The issue I have with nostalgia is it makes people sentimental. Having a deep conversation with anyone is right next to “root canal” on my list of things that I actively avoid. If you’re going to melt into a puddle of tears, I need a 5-foot buffer minimum, and I’m going to slowly back peddle to the nearest exit.
So when the Cardinals announced Albert Pujols was coming back for one last ride with the old crew — basically just Yadier Molina and Adam Wainwright — I recoiled in horror, and I’m a Cardinals fan. I fully expected this season to be a never-ending barrage of dopey retirement gifts and average baseball, with maybe a playoff win, but definitely not a division title, to dot the top of the sundae.
I could keep my distance, and let the rest of the St. Louis fans wipe tears and snot on each other as they enjoy mundane swan songs while I divest interest and coldly move on as men are supposed to do. And that plan lasted through the All-Star Break, and right up until the point that Pujols started hitting home runs that matter as much to his pursuit of No. 700 as they do to the team’s pursuit of the NL Central.
Like a tune you can’t get enough of, I must’ve rewatched the two-run shot he hit against the Cubs last weekend a dozen times. Pujols needs five more homers to enter the exclusive 700 home runs club, and it’d be awesome if he got there, but it’s not a record.
However, the other two-thirds of the old guys on the roster are going to stand alone, atop the mound where they’ve had so many chats behind mitts before. Molina and Wainwright tied the MLB record for starts as a battery Thursday with their 324th together. The next time they take the field, Sept. 14 at home against the Brewers, they’ll break the record set by Detroit’s Mickey Lolich and Bill Freeman.
It’s not a particularly famous record, and it’s almost more of an oddity than a true testament of greatness, but it is representative of Cardinals’ baseball for the past 15-plus years.

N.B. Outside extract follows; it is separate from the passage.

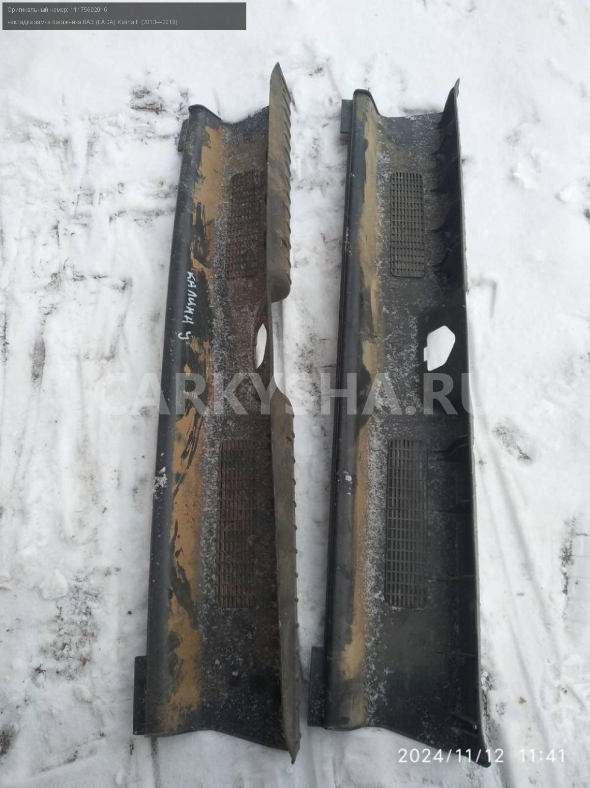 ВАЗ (LADA) Kalina 2 универсал, замковая панель.\nАртикул: 6347\n\nОриг. номер: 11175602016\nПроизводитель: АвтоВАЗ\nПримечание:Впз(Лада) Калина 2 универсал, замковая панель, накладка замка багажника (обшивка порога багажника), б/у. \n\nМарка: ВАЗ (LADA)\nМодель: Kalina II (2013—2018)\nГод выпуска: 2016\nКузов тип: Универсал\nДвигатель номер: 11186\nМодель двигателя: инжектор\nОбъем: 1.6\nТопливо: Бензин\nКоробка: Механика\nЦвет: Черный\nСовместимости: ВАЗ (LADA) Kalina II (2013—2018) 1.6 MT (87 л.с.)\nСовместимость:

Molina and Wainwright steadied a rotation and a staff as well as any pitching coach ever could. There are only two years, out of the 17 they’ve been on the roster together, that the team’s ERA was higher than league average. It may not be the most awe-inspiring stat, but it does mean something.
They’ve also reached the postseason 11 of those 17 years, and they’re likely to make it 12 this season. If you’re petty like me, you point out that Molina’s 12 postseason appearances and Wainwright’s injury-affected nine are still more than Pujols’ eight.
While the what if surrounding Pujols is the more obvious one to the casual baseball fan, the what if regarding Wainwright’s torn Achilles played just as big of a part in the trajectory of the team. Prior to the injury, which came during a plate appearance (and was the only time I was envious of the DH), Wanio had made the All-Star game three out of four years, and notched 19-plus wins four out of five.
In the years following, his ERA hovered in the fours, although he’s been in the low threes the past few seasons, and even hurled a few gems in the playoffs. (All of which were for naught thanks to anemic run support.)
Part of Cardinals Devil Magic — the phrase coined in 2012 to describe the Red Birds’ ability to win games they weren’t supposed to — was due to the team’s ability to get the best out of journeymen pitchers. Molina would coax confidence out of Kyle Lohse or someone of that ilk and bridge the gap until it was the ace’s turn. (Usually Wainwright.)
That formula hasn’t worked in the playoffs lately, but the fact that a rotation more-or-less headed by Molina and Wainwright is still making it to meaningful October baseball tells you all you need to know about those two. The funny thing about the duo since Wainwright returned from injury in 2015 (he pitched in the playoffs the same season he tore his Achilles) is every now and then they’ll just throw it back, humming along through innings and hitters like it’s 2013.
As far as positive feelings goes, the comfort of Wainwright painting canvases that Molina has framed for him has been more pervasive than any other during their long, storied, and now historic tenure. They also now have a capstone to the career highlight reel that started when Wainwright was coming out of the bullpen and striking out Carlos Beltran in the NLCS all those years ago.
Of the many grudges I hold against Pujols that have admittedly been fading this year, I think what bothers me most is this isn’t his team anymore. It’s belonged to Molina and Wainwright since he left, and they’re more deserving of the curtain calls that have been coming seemingly at every home game. So I couldn’t be happier that their names will be etched atop a record book.
It’s hard to set an all-time mark in baseball. Doing anything the most in a sport that’s been running so long that records are disputed due to a lack of paperwork takes as much luck as it does talent. For Molina and Wainwright, their luck and talent just so happened to cross paths at a serendipitous moment 324 times.